Times certainly have changed since the 1950s and actually the change process accelerated in just the past year or so as cycle track (protected bike lanes) are being adopted rapidly as the basic way to make roadways accommodate bicyclists of all skills and ages.  The roundabout certainly has been a consideration since the first in the northeast was built in 1995 in Montpelier and the first busy street Burlington roundie at the Shelburne Street “rotary” design will be both single lane and provide a shared path for use by bicyclists and walkers, a path connecting to all the shared crosswalks.  Both bikable and walkable, the Shelburne Street roundabout can easily connect when cycle track along the north south corridors gets installed in the future.  

But it is the combination of cycle track and the roundabout at key intersections which reaches the quality status of the roadway being truly both walkable and bikable.  Anything other than a single lane roundabout--essentially stop control and traffic signals--generates a 500% greater rate of walker injuries and upwards of 300% greater rate of bicyclist injuries.  The Dutch and Swedish studies reporting this data remain very relevant because a cross section of the populations of those two nations of all ages and skills walk and bike versus, for example, bicycling busy streets in the U.S. mostly comprises young adult males.
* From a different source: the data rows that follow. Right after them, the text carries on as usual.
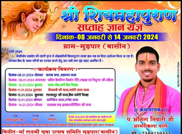 *8से 14 जनवरी तक ग्राम मुडपार में होगा शिव महापुराण कथा,,*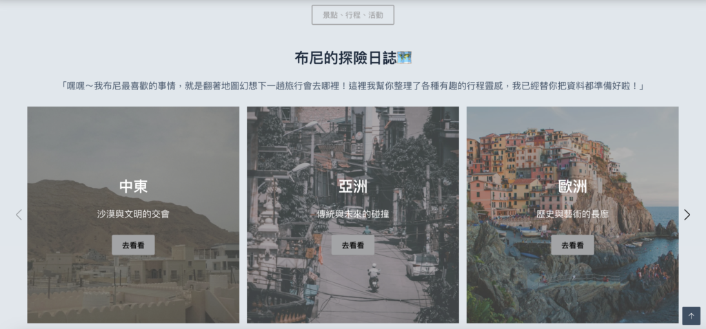 專案背景|旅行日誌部落格網站 就算還沒出發,也能先走一趟世界 這是一個以「陪伴式閱讀體驗」為核心的旅行日誌網站。希望即使使用者暫時沒有計畫旅行,也能透過故事、照片與互動設計,感受到旅途中那些冒險、新奇與沿途風景,彷彿跟著主角一起前行。網站以擬人化的主角角色作為敘事引導,風格可愛,降低閱讀門檻,也讓使用者更容易代入這趟旅程。整體體驗像是在翻閱一本旅行手記或地理讀本——透過精選影像與結構化內容,認識世界不同角落的人文故事與風景。 設計角色與貢獻 UX / UI 設計、WordPress 網站建置規劃整體網站體驗與閱讀流程(Story Flow)建立內容分類邏輯與資訊架構(行程 / 美食 / 住宿)設計 Desktop / Mobile 介面與 UI 元件規劃視覺互動(地圖導覽、區塊引導)使用 WordPress 建置網站,確保內容可維護性與擴充性考量 RWD 與實際內容更新情境,調整設計細節 問題分析與產品洞察 在分析既有旅遊部落格後,歸納出幾個常見問題:多數旅遊部落格以大量文字為主主頁資訊密集、閱讀負擔高,使用者需要花時間自行整理重點。影像雖重要,卻缺乏引導旅遊照片是最能快速建立情境與印象的媒介,但若缺乏結構與敘事,只會變成瀏覽而非體驗。內容豐富,卻容易迷路行程、美食、住宿交錯呈現,若沒有清楚的前導與順序安排,容易讓讀者產生迷惑感,即使內容精彩,也需要額外花力氣整理資訊。關鍵洞察:旅遊網站不只是資訊集合,而是「體驗的引路人」。好的結構與視覺引導,能幫助使用者在情緒與資訊之間取得平衡。 設計策略與關鍵決策 1. 體驗定位:像一本 Handy 的電子旅行手記將網站視為可隨時翻閱的旅行書,而非一次看完的長文強調「陪你慢慢看世界」的節奏,而非效率導向2. 閱讀流程設計(UX Flow)依照使用者進站後的心理狀態,安排閱讀順序:前導故事:建立情境與情緒主角出場:透過角色降低距離感精選開場照片:快速帶入旅遊氛圍溫馨叮嚀:提示閱讀與探索方式視覺化地圖導覽:提供控制感,讓使用者選擇接下來想探索的內容 3. 視覺與資訊呈現以大比例精選照片作為第一印象,提升沈浸感文字作為照片的補充與延伸,而非主角主頁清楚區分「行程 / 美食 / 住宿」區塊,降低搜尋成本 4. WordPress 結構規劃以分類與標籤建立可延伸的內容架構確保未來新增旅程時,不需重構整個版型設計模組化區塊,讓內容更新保持一致性 成果與回饋 建立一個以體驗為導向的旅行日誌網站,而非單純資訊堆疊使用者可在短時間內被視覺吸引,並依自身興趣選擇探索路線網站成功傳達「世界很大、值得期待」的情緒價值即使沒有立即出發計畫,也能在閱讀中感受到旅行的美好與多元性這個專案也驗證了:良好的 UX 結構與視覺引導,能讓內容本身更容易被理解與記住。 去看看網站 🔍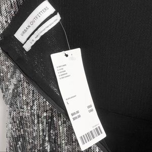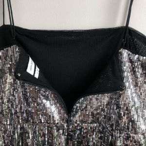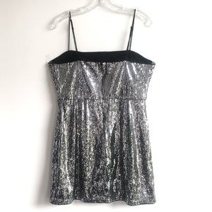 Silver spaghetti strap dress by Urban Outfitters. Shimmer and shine in all-over-sequins. Adjustable straps, seamless back zipper opening, black mesh lining.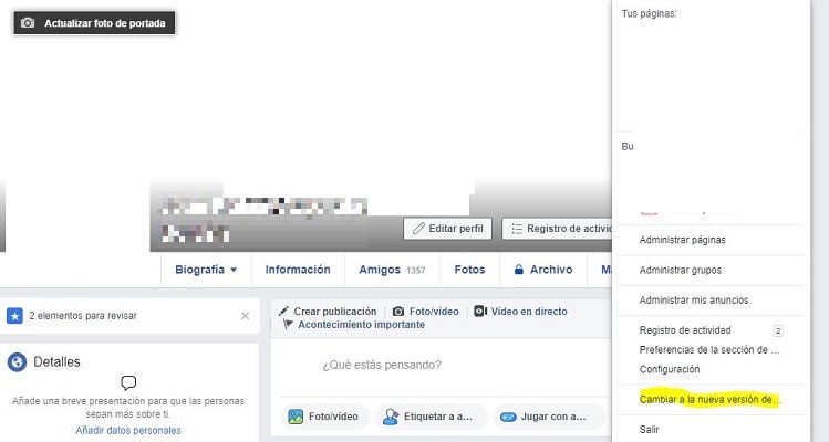Este diseño no se suele activar por defecto, sino que viene desactivado. El usuario lo debe activar, algo que puede hacer de una forma muy sencilla. Para ello, debes pinchar en la flecha que aparece en la esquina superior derecha y buscar el apartado que dice “cambiar a la nueva versión”, justo encima de la opción de salir.

The one authoritative U.S. study by the Insurance Institute for Highway Safety in 2001 found non-roundabout intersections overall about an 800% greater rate of serious injuries and fatalities.

Burlington does feature a fully walkable four-block Church Street Marketplace and a nearly walkable/bikable north side of Riverside Avenue where the shared use pathway street lacks possible roundabouts on either end and difficult cross-street accesses.

Any highway project can be revised—sometimes even after construction begins—to remedy issues.  It is not too late to re-design the Parkwayette intersections to include single lane roundabouts the shared pathway crossings, a design similar to that of the Plattsburgh, NY (NY 9) roundabout and walking/bicycle joint pathways which cross on the east leg of the intersection.  Not only would the re-design save scarce transportation dollars but serve all users better and even save some injuries too—if it ever does get the go-ahead in its current form.  So much for quality street designs which attain a high walkable/bikable standard.